BRIEF:
Extract every record, exactly as written, and ignore the pictures.

• • • • • • •

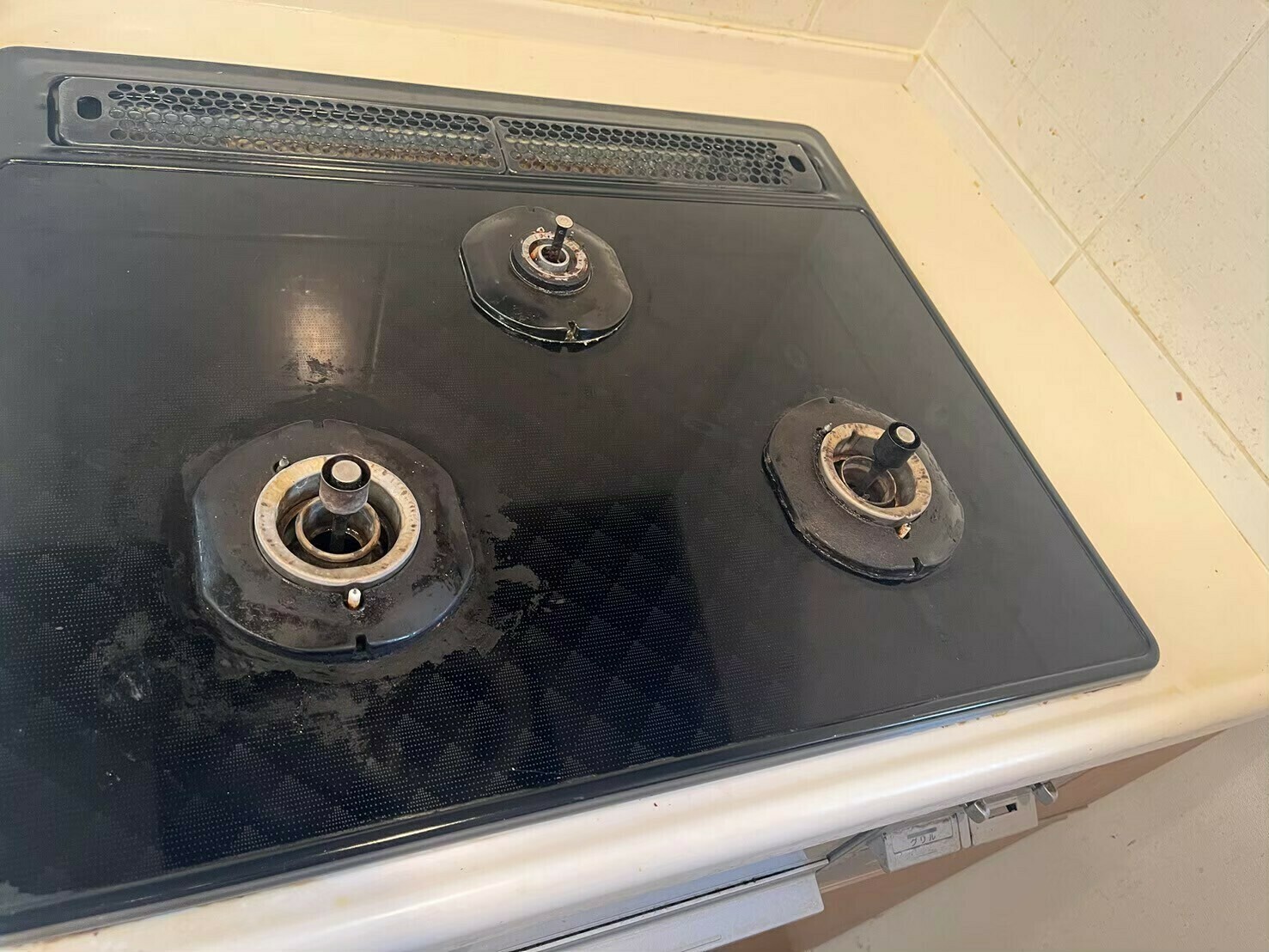 経年の蓄積により、完全に落としきれませんでしたが、ガラストップの油汚れは清掃前よりも落としきることができ、すっきりしています😊
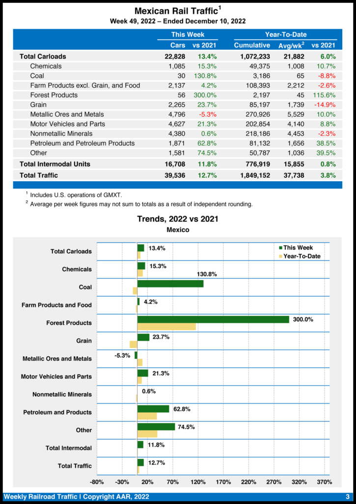 For the week ending Dec. 10, 2022, Mexican railroads reported 22,828 carloads, a 13.4% gain over the same week last year, and 16,708 intermodal units, a 11.8% rise. Their cumulative volume for the first 49 weeks of this year was 1,849,152 carloads and intermodal containers and trailers, up 3.8% from the same point in 2021.
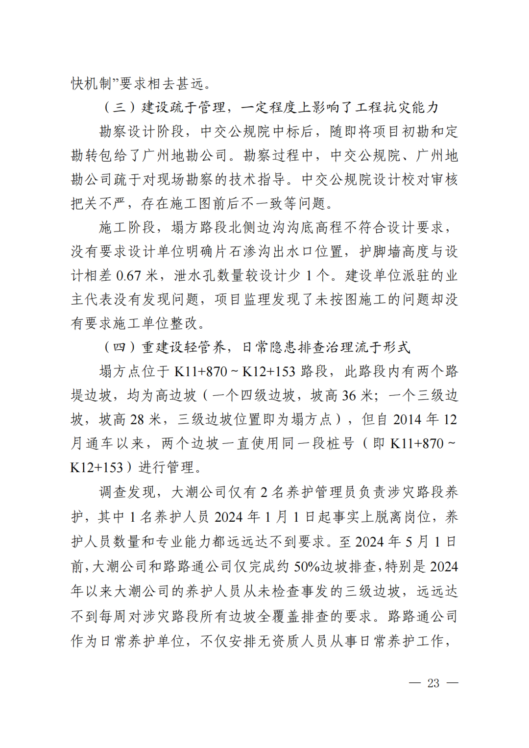运营单位广东大潮高速公路有限公司未有效督促日养单位按照合同履行日常养护职责,2022年边坡水毁修复工程竣工验收未发现施工单位未按设计施工,未在涉灾边坡建造二级平台截水沟等问题。未按有关规定落实重点边坡管控工作,未及时发现并处置涉灾路段排水沟和填平区局部积水问题。
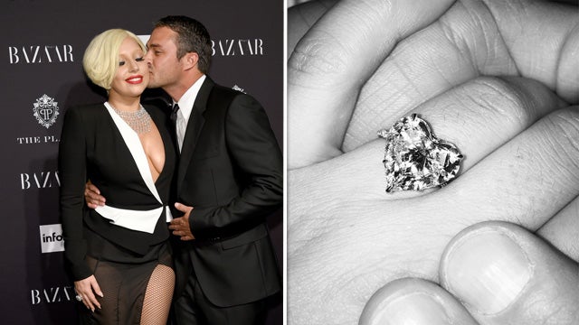 Earlier this year, Taylor Kinney proposed to the pop star with a massive heart-shaped diamond designed by Lorraine Schwartz. Shortly after the engagement, Lady Gaga posted a photo of the ring, estimated at 6-carats, on Instagram captioned, "He gave me his heart on Valentine's Day, and I said YES!"
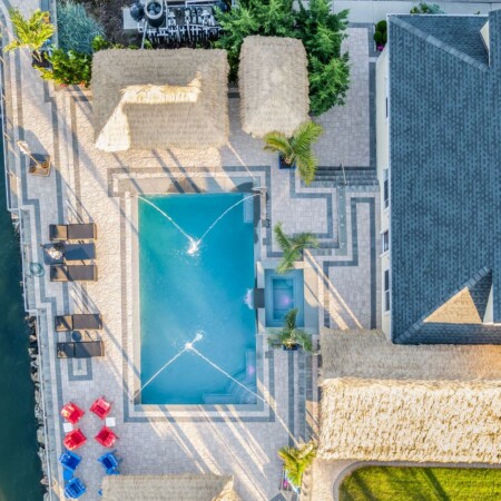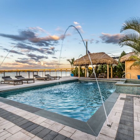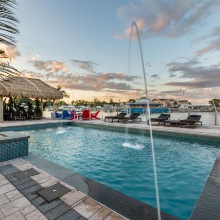 Working in collaboration with Key West Tiki, we incorporated authentic tropical elements including thatched-roof cabanas that serve as both changing rooms and shaded lounging areas. The custom tiki bar creates an ideal entertainment space, perfectly positioned to enjoy stunning sunset views over the water.
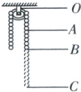 解:如图所示,开始下落时链条重心在$A$处,离开滑轮时重心位置在$B$处,即重心下降了$h=0.5m$。所以重力做功$W_G=mgh=10×10×0.5J=50J$。易知重力势能减少50J。
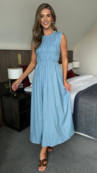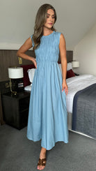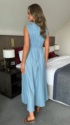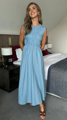 Drop everything and rock this Reign Light Blue Denim A-line Dress. The perfect balance of style and comfort, this dress will make you feel like the queen of the day. Pair it with your favourite sneakers for a casual look or dress it up with heels for a night o17.ut!
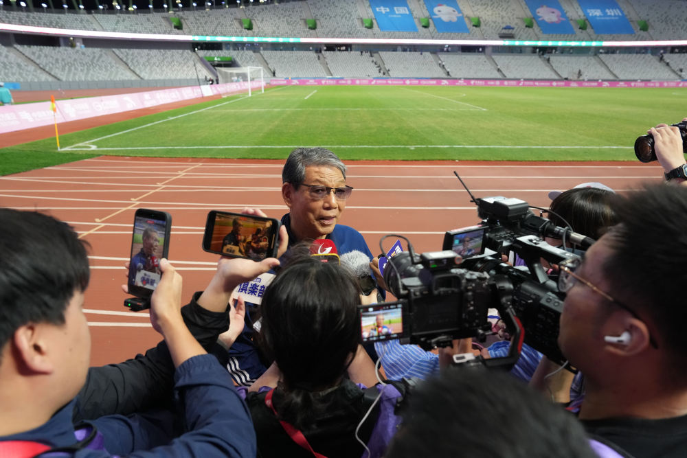 11月12日,徐根寶(中)在賽后接受采訪。新華社記者 丁增尼達 攝
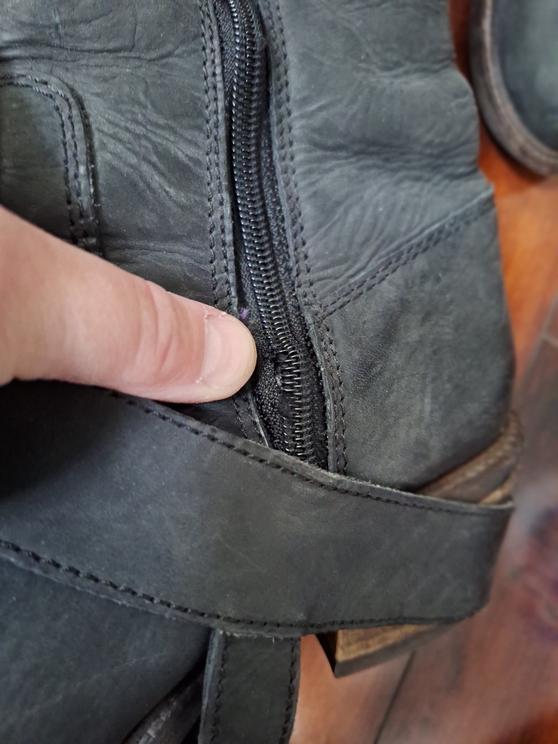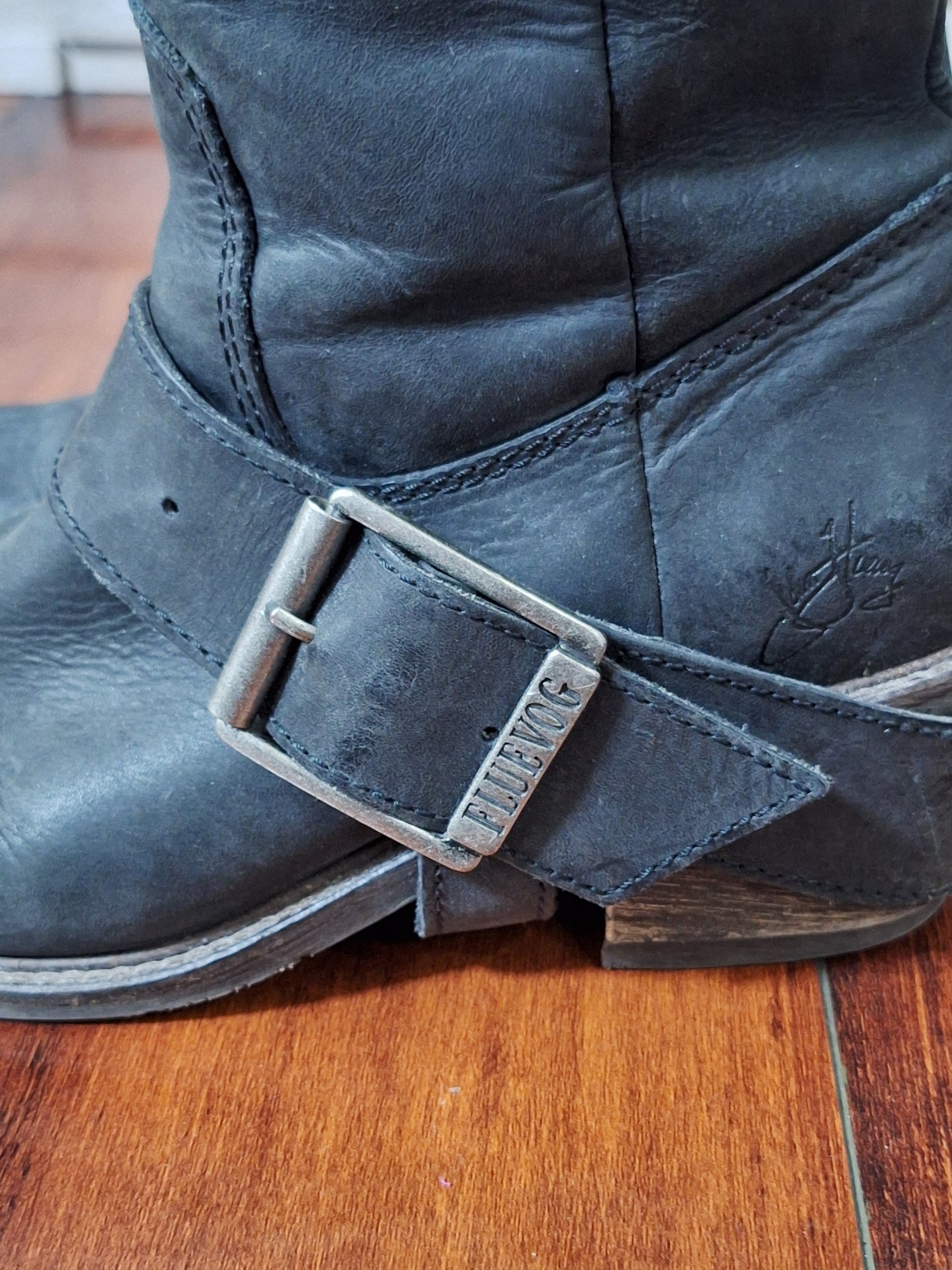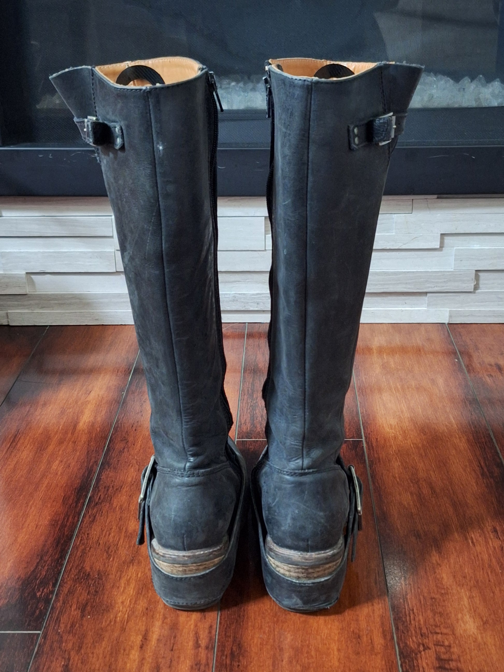 John Fluevog Adriana Luna Tall Buckled Harness Boot Black Leather 854025 size 7, pre-loved. In good condition overall, there is some pulling away by the right zipper (boots zip up just fine) please see photos for wear.

• • • • • • •

WRITTEN RESPONSE:
 経年の蓄積により、完全に落としきれませんでしたが、ガラストップの油汚れは清掃前よりも落としきることができ、すっきりしています😊
 For the week ending Dec. 10, 2022, Mexican railroads reported 22,828 carloads, a 13.4% gain over the same week last year, and 16,708 intermodal units, a 11.8% rise. Their cumulative volume for the first 49 weeks of this year was 1,849,152 carloads and intermodal containers and trailers, up 3.8% from the same point in 2021.
运营单位广东大潮高速公路有限公司未有效督促日养单位按照合同履行日常养护职责,2022年边坡水毁修复工程竣工验收未发现施工单位未按设计施工,未在涉灾边坡建造二级平台截水沟等问题。未按有关规定落实重点边坡管控工作,未及时发现并处置涉灾路段排水沟和填平区局部积水问题。
 Earlier this year, Taylor Kinney proposed to the pop star with a massive heart-shaped diamond designed by Lorraine Schwartz. Shortly after the engagement, Lady Gaga posted a photo of the ring, estimated at 6-carats, on Instagram captioned, "He gave me his heart on Valentine's Day, and I said YES!"
 Working in collaboration with Key West Tiki, we incorporated authentic tropical elements including thatched-roof cabanas that serve as both changing rooms and shaded lounging areas. The custom tiki bar creates an ideal entertainment space, perfectly positioned to enjoy stunning sunset views over the water.
 解:如图所示,开始下落时链条重心在$A$处,离开滑轮时重心位置在$B$处,即重心下降了$h=0.5m$。所以重力做功$W_G=mgh=10×10×0.5J=50J$。易知重力势能减少50J。
 Drop everything and rock this Reign Light Blue Denim A-line Dress. The perfect balance of style and comfort, this dress will make you feel like the queen of the day. Pair it with your favourite sneakers for a casual look or dress it up with heels for a night o17.ut!
 11月12日,徐根寶(中)在賽后接受采訪。新華社記者 丁增尼達 攝
 John Fluevog Adriana Luna Tall Buckled Harness Boot Black Leather 854025 size 7, pre-loved. In good condition overall, there is some pulling away by the right zipper (boots zip up just fine) please see photos for wear.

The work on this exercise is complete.